# Average of Group, not per item



## zapppsr (Nov 4, 2015)

Hi. 

I have some data that is organized like this:

Group 1 - Jan - Type 1 = 100
Group 1 - Feb - Type 1 = 100
Group 1 - Jan - Type 2 = 10
Group 1 - Feb Type 2 = 10

The Average of *Type 1, is 100*. The Average of *Type 2, is 10*. The Average of all, regardless type, is *55*.

Now, if I sum the data by group, I will have 110 in Jan and 110 in Feb, which gives me the Average of *110 for the sum of the group*.

I have this measure in Power Bi: MetaM = AVERAGE('Produção Fisica'[Total Meta]). This results in 55, because it is calculating the average of the items in Group 1.

[Total Meta] is calculated on the type level.

I want a measure that gives me 110, which is the average of the sum of the items in the group.

Can it be done?


----------



## scottsen (Nov 4, 2015)

> average of the sum of the items in the group.



Maybe this?  Didn't totally get the ask here... 
=AVERAGEX(VALUES(MyTable[GroupField]), CALCULATE(SUM(MyTable[ValueField])))


----------



## zapppsr (Nov 5, 2015)

Thank you very much for answering scottsen . I gave it a try right now, but instead of getting the average of the group, I'm getting the sum.

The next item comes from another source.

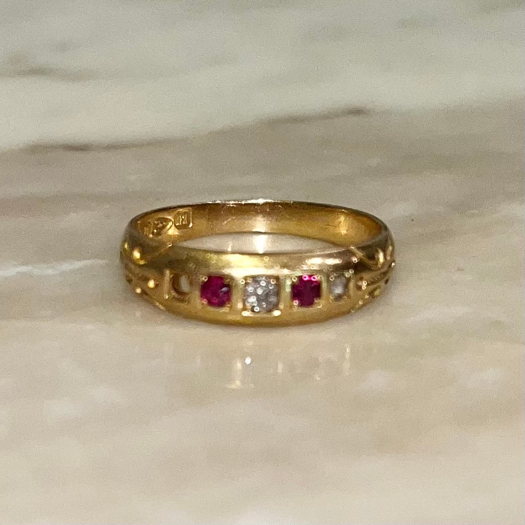 antique victorian 18ct gold ruby & diamond gypsy ring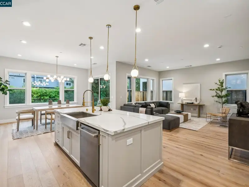 - Open-concept living with high ceilings

Probably because the last part of the expression.
You said you did't understand well what I was asking... let me put this way:

The data is:

Group 1 - Jan - Type 1 = 100
Group 1 - Feb - Type 1 = 100
Group 1 - Jan - Type 2 = 10
Group 1 - Feb Type 2 = 10

But I want to calculate as if it was like this:

Group 1 - Jan - = 100
Group 1 - Jan - = 10
Group 1 - Feb - = 10
Group 1 - Feb - = 100

Jan 110, Feb 110, Average = 110

Its like ignoring the type and sum by the group.

Looking at your solution I though it would work, but the averagex encapsulating the rest is not making an average but a sum.

I hope I was able to explain better now.


----------



## scottsen (Nov 6, 2015)

Ya, I still like my measure.  SUM some stuff together, than Average them.

What does your measure actually look like?
=AVERAGEX(VALUES(MyTable[*Months*]), CALCULATE(SUM(MyTable[ValueField])))


----------